Месяц был июнь, и Ярило грел всё пуще. Уж давно растопились зимние льды, и цвело кругом. У молодых — песни-пляски до зари, а самая красивая девушка получала венок из самых благоуханных соцветий ближайшего поля.
И собрались в круг, как повелось, и стали танцевать. А немного погодя устав, уселись у костра. И протянул тот человек своей возлюбленной венок, но «нехотя» назвался жест. Не водрузила дивная на главу себе красу полей, но вышвырнула вон. Смеясь, ушла луна купаться вместе с прочими дуняшами. Не успел окунуться паренёк в её сапфировые очи, и огорчился весьма.
И так было всегда, но лишь сейчас расширились глаза. И увидел он, что сильно обманулся, но сердце не слушалось главы.
Избалована, дерзка, упряма. Холодна и зла.
Прошлась ногами по венку из роз, доведя до слёз. Сломала парусник ивовый, бросив в реку за бугром — утонул кораблик деревянный, так и не поплавав.

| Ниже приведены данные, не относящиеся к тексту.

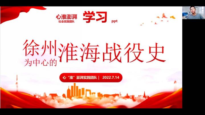 谢真同学根据团队所确定的采访大纲,为方便在线上有更好的采访效果,精心准备了采访用的PPT。在询问过被采访人的意愿后,通过腾讯会议的方式进行线上面对面采访。采访问题涉及对淮海战役的了解程度,对红色资源开发的建议等。被采访者深刻的描述了自己对那段惊心动魄的历史的深刻了解以及内心感受,并对于更好地促进人们学习党史、铭记先烈提出了自己的观点与看法与大家讨论。通过本次采访,团队成员们真切地了解到了人民群众,特别是当代大学生对淮海战役等红色历史的热爱及学习情况,并表示这样的学习更加促进自己的爱国情怀。

Слепого старика в болотце подтолкнула. Раздавила муравья. Брюшко голубю вспорола, нагрубила всем подряд. Шутя, язвила всем игриво, но узились бесстыжие глаза.
Но и после протянул ей руку юноша, когда дева оступилась — рассмеялась та в лицо, нищебродом обозвав.
— Я люблю тебя навеки. — Глухо, робко произнёс.
Диким хохотом зашлась, кинув недоеденным яблочным огрызком.
В сердцах, в отчаянии ринулся бедняга, не видя пред собой и пяди. С размаху бросился он в глубокую расселину. Тело смякло и притихло, а речушка продолжала себе течь, молча негодуя.
И всклокотало где-то в вышине, и отвернул свой лик Ярило. И снизошёл Даждьбог, яростно ворча, пуская огненные стрелы.
— Проклинаю, да будь проклята отныне ты! — Громко и внятно произнёс Некто, преградив дивчине путь.
Лишь в тот миг проснулась совесть, но напрасно.
Побледнела девушка, и посинели уста алые. Подкосил озноб её испуганную. Душа пустилась в плач истошный. Вся жизнь беспечная пред глазками мелькнула. Медленно оседать стала молодуха, жадно ловя ртом воздух, но ветер отгонял того прочь, не даваясь в руки.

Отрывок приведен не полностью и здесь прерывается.